マイノリティ消費への反感を含み、作中での〝ヴィラン〟と言うべき人物は滑稽に描かれ、間接的に「これは虚構である」とマジョリティの読者に客観視を促す、風刺文学的な側面にエンパワメントされる者も多い。
当事者性を帯びた作品を、非当事者が教訓的に受け止め、当事者は共感込みの距離感で受容する、これは(漫画媒体が先行しながらも)商業における根強いニーズに応えたものである。
ただし風刺とは、究極的には客観的思考に基づいて成されるもので、裏を返せば「わたしの痛みを痛みのままに描くことができない」とも編者は考える。

物語はなぜ描かれるか - 主人公の人生を歩むこと

「『小説が書かれ、そして読まれるのは人生がただ一度であることへの抗議からである』」

「わたしの好きな作家の言葉です」

  • Key『リトルバスターズ!』(2007)

本コラムに際して、ゼロ年代の当時にこの引用を行った作品の位置付けを考え込んでいた。
二重鉤括弧内は、北村薫『空飛ぶ馬』(あとがき)の有名な一節である。
(原文では〝小説が書かれ読まれるのは、人生がただ一度であることへの抗議からだと思います〟)
物語には大きく悲劇と喜劇があり、一般的に後者として受け止められるものも、解体した際に「まったく悲劇を含まない」ことは稀である。
なお、上記の引用は以下のように続く。

「本を読んでいる間は、その主人公になれるような気がする」

「…わたしは、二人分の人生を生きるために本を読んできたのかも知れません」

  • Key『リトルバスターズ!』(2007)

構造として「悲劇の克服により結着する物語」の普遍性を持ちながら、「作品自身への自己言及」とも感じられる印象的なフレーズであった。
いわゆる美少女ゲームに属しつつも、男性主人公の最終的欲求の解消を主眼とする物語から明確な脱却のみられる、批評的な「ゼロ年代」に終わりを告げる作品の一つだった。
(※余談だが、同作のヒロイン同士を描く二次創作は過去のKey作品に比べて明確に増加したこと、「百合」を描く作家の土壌として寄与したことは、もし「百合史」を編む者がいるならば研究・定量化されて然るべきと感じる)

「ゼロ年代」の後退、「百合」との交代

ここで「ゼロ年代」批評の話に戻ると、当時「百合」の存在感は非常に薄かった。
第2号の序文にも記したが、批評自体が男性の中で収まり、当時は女性読者中心だった「百合」はその眼中になかったとの印象である。
時代背景として、当時の季刊誌『コミック百合姫』(『月刊コミックZERO-SUM』増刊)の独立創刊が2008年初頭、後に大ヒット作も産むライト層向け姉妹誌『コミック百合姫S』(男性読者の比率が高いとされた)創刊も2007年の中頃だ。
ゼロ年代が2007年以前を主な対象とするならば、現在に繋がる「百合」の潮流を読み解くにはその直後である2008年前後を重要視すべきだろう。
00年代において、サブカルチャーにおける「ゼロ年代」批評と「百合」は、最後まで交差することなく、ほとんど入れ替わりのように現れた。

商業の「百合小説」が登場する20年代

「百合」が漫画媒体からのメディアミックス=主にアニメへの他媒体へ進出を経る中、商業の文芸で「百合」が明確に示され始めるのは2020年代からである。
毎年「百合小説」を冠した書籍の刊行が行われるのは、2022年『彼女。 百合小説アンソロジー』(実業之日本社刊、2024年に文庫化)、2023年『百合小説コレクション wiz』(河出文庫刊)を待つことになる。
これにより、2022~2024年の3年間は「文芸において百合小説の新刊がある」、つまりは空白期のない時代になった。

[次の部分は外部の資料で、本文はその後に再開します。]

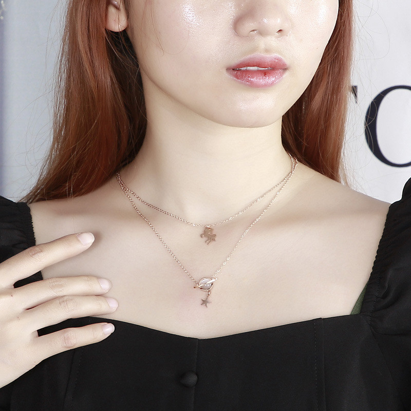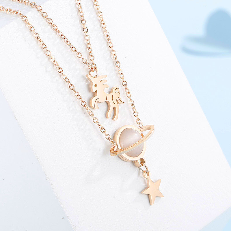 - Stainless steel unicorn gold-plated planet pendant star necklace Rose Gold-Plating Necklace

言い換えると、文芸の「百合」は漫画から遅れること15年以上でようやく商業でも成立したことになる。
以下、過去の自身の発言の振り返りで恐縮だが、現在は「長い爛熟期を迎えている」との認識である。

同人として/百合小説は成熟したか - 2019~2022

 ボーイミーツガールがあり、ボーイズラブがあり、それらに比べて後から来た「百合」は正しさや洗練を最初から求められます。けれど、物語は本来「登場人物のためのもの」と信じます。「人間」に嘘がなく、そこに「本物」があれば、読者は自然と魅せられます。作家の気分・意識、メッセージ性はその先に宿ると考えます。
 「殺伐百合」は、簡潔に言うなら「殺伐」を冠することで見る・見られることにおける(最適解的な)「百合らしさ」の呪縛から自由になれる観念です。

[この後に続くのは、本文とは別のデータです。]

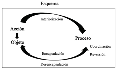 En efecto, la teoría APOE del acrónimo de acción, proceso, objeto, esquema, que rotulan los estados de construcción mental de un concepto de la matemática es un constructo que permite describir cognitivamente las construcciones mentales y los mecanismos por los cuales un concepto matemático es aprendido por un sujeto.

上記同人誌にコメントを書いた当時は、あくまでも表現者として「決められた形」から逃れたい一心だった。
一方、物語を「らしさ」の引力から解放するのは、反面安心できる百合=和を乱す存在ではないか、とも考えた。
実際は「乱れる和が存在するほど、文芸での百合は定まっていない」のだが、混迷の中で小社『零合』は2023年に創刊した。

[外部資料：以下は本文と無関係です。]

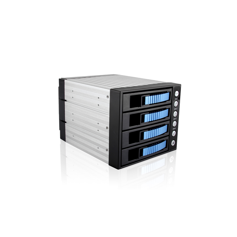 High level Raid and high availability storage in compact design, BPU-340SATA series adds extra storage and hot-swap capability to satisfy any application needs. Aluminum body and extra 80mm cooling fan subsystem complete a high end data storage server or workstation. High density multi-disk storage backplane that allows multiple four 3.5" SAS/SATA hard drives to be mounted into three standard 5.25" drive bays. BPU-340SATA supports RAID 1/0/1+0/5 configuration for high performance or redundancy data application. Aluminum construction provides best heat dissipation required for high performance SAS/SATA drives, is designed with excellent front to back vent airflow. Applications: Digital Audio Editing,Video Editing (SD or HD), Security System, SOHO SMEs With Limit HDD Tray and Data Protection or Disk-to-Disk Backup.

畏れ多くも、前段の『彼女。』には同人誌として先行し、『wiz』とは商業の場でほぼ同時に、百合総合文芸誌――目下は「アンソロジーに毛が生えた程度」と自認している――は追いつくことになった。
内幕を明かせば、2020年頃に「電子雑誌・季刊としての創刊」に動き出したものの、紆余曲折(高望みしたと考えてもらって差し支えない)の結果「商業流通する書籍」の形を取った次第である。

商業として/百合文芸誌は続くのか - 2023~2024

 いま、百合は熱的死を迎えつつあります。

創刊の1行目から「百合」の死について語ることに、動揺した読者も多かったように思う。
しかし確かに個人的な肌感覚を示したもので、切実さとしか言えない危機感に満ちたものでもあった。
『殺伐百合』のそれを踏まえたとき、既に文芸の「百合」そのものは、このままでは袋小路に陥るとの確信があったためである。

 百合は無意識の誠実さに呪われています。

実際、ちょうど一月前(2024年2月)に続刊されながらも、『零合』第2号の序文はこのように続く。

ジャンル化ゆえの狭窄 - 「前駆する失敗」の否定

 安心安全で世界と無縁。閉じた「ふたり」を見守ることを強く要請される領域にあります。
 ゼロ年代には、感情移入との言葉がよく使われました。劇の主人公に自己を投影・没入し、遠い世界をゼロ距離で享受している。そんな「ぼく」への羨望と批判は、作中でも現実でも、男性の内で閉じていました。当時の虚構を愛する者として、者だからこそのやり残しです。
 女性の物語が、わたし自身あるいは彼女により、恢復ないし結着される。フィクションが作られ論じられるとき、俎上に載らない「彼女なりの理屈」をすくい上げ捉え直す必要性。
 遠い「きみ」を、近い「わたし」の出来事にし、それらを自分事として受け止める試みが『百合と(の)ゼロ年代』のテーゼです。主人公は、宿命論的に世界と関係して、さまざまな物事を背負い、葛藤し、呪いを克己してゆく中心人物だったはずです。
(中略)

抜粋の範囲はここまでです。